Öncelikle ülkemizin Başbakanına geçmiş olsun.
Sevsek de sevmesek de cumhuriyetin başbakanıdır.
Sevme zorunluluğu yoktur ama her yurttaşın saygı göstermesi gerekir.
Siyasette ebedi dostluklar ve düşmanlıklar yoktur.
Basınla siyasetçiler arasında ise dostluk veya düşmanlık
her iki tarafa da zarar verir.
İlişkilerin sıcak dönemlerinde yarar sağlanır gibi
gözükse de ilerleyen zamanda yıpratıcı bazen de yok edici olabilir.
Demokrat Parti ve devamı olan Adalet Partisi iktidarlarında
bu partilere göbekten bağlı gazeteler vardı.
ZAFER, SON HAVADİS, TERCÜMAN, YENİ İSTANBUL aklıma gelenler.
CHP’ye bağlı olan da ULUS Gazetesi’ydi. Bu gün yoklar.
Daha başka gazeteler de vardı ama adlarını ben bile unuttum.
Bir de siyasetin kuyruğuna sıkıca yapışmış karşıt görüşlüler
vardı ki, göktaşları gibi parlayıp yok oldular.
AKŞAM, POLİTİKA, YENİ ORTAM..
AKŞAM çıkıyor ama eskisiyle ilişkisi yok.
Ankara’da BARIŞ, HALKÇI, DÜNYA çıkardı.İyi de satarlardı.
Adlarını anımsayan kaç kişi kaldı.
Kemal Çukurkavaklı’nın YENİGÜN’ü, Celal Kargılı’nın
OLAY’ı, Ferruh Bozbeyli’nin ZAMAN’ı, Mustafa Ayverdi’nin
BUGÜN’ü, bir de MEDENİYET vardı.
ZAMAN büyük bir gazete olarak yayına devam ediyor
ama Gülen Hoca’nın hayatıyla sınırlı.
Bütün faniler gibi bir gün hoca hakka yürüyünce ZAMAN
nereye yürüyecek hep birlikte göreceğiz.
Her kapanan gazete onlarca gazetecinin işsiz kalması anlamı taşır.

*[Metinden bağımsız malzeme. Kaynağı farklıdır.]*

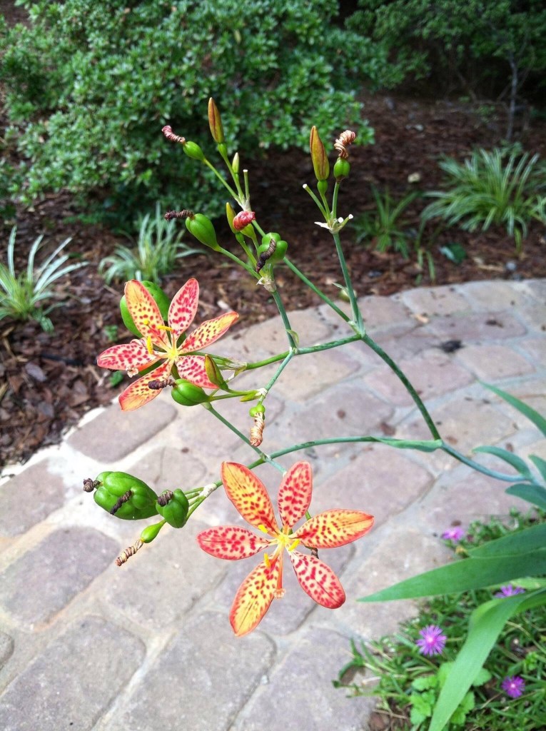 When I was an assistant principal at Parkview High School in Gwinnett County, a secretary named Jeanne Knox shared an interesting plant with me. I took the plant home to Lawrenceville, Georgia and transplanted it in our garden. That was thirty years ago. It made the move with us to Milton in 1992. The perennial has popped up just about everywhere in our gardens since then. I have never seen it in a plant nursery nor in any other gardens. It is the Blackberry Lily. Some of my readers may be familiar with it. Below are some images and further information.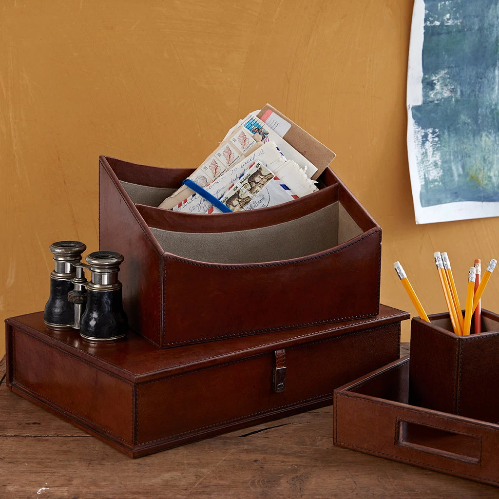 The desk set consists of conker brown leather desk accessories which includes an A4 in tray, letter rack and square pen pot,

Enver Ören ileriyi gördüğü için TÜRKİYE Gazetesi’ni kurumlaştırdı.
1950’den beri evimize gazete alınır.
O yıllarda aldığımız gazetelerden sadece YENİ SABAH artık çıkmıyor.
HÜRRİYET ve MİLLİYET artık gazetecilerin gazetesi değiller.
Simavi ile Karacan ailesi basın sektöründen ayrılınca
gazetecilik büyük ölçüde anlamını yitirdi.
CUMHURİYET Gazetesi o kadar çok zik zak çizdi ki aydınların
gazetesi olacağına seçkinlerin gösteriş aracına dönüştü.
Cumhuriyet’te gazete öne çıkacağına yazarlar öne çıktı.
Yunus Nadi, Nadir Nadi, İlhan Selçuk ve Uğur Mumcu
gazetenin bir adım önünde yer aldılar.
Uğur Mumcu’nun yerinde yazan Mustafa Balbay epeyce hafif kaldı.
Mumcu’nun yolunda gideceğine İlhan Selçuk çizgisine saptı.
Basın yağcılarla yalakaların konuşlanacağı bir alan değildir.
Başbakana tekrar sağlıklı günler diliyorum.
Hastalık, hele ameliyat insana sıkıntılı günler yaşatır.
Ancak faydalı yanları da vardır.
İnsan düşünecek zaman bulur.
Hayatla ölüm arasındaki saç kılından ince çizgiyi hisseder.
Belki Sayın Başbakan bu arada “BASIN ÖZGÜRLÜĞÜ” denilen
kavramına da şöyle bir göz atar.
Son büyük imparator II.Abdülhamit’in 33 yıllık saltanatının
üzerindeki en kara gölge “SANSÜR” ve basını denetim altında tutma çabasıdır.
Basını ele geçirdiğini sanmak kar tanesini tutmaya benzer.
Allah Başbakanımıza gerçekleri görecek kadar ömür versin.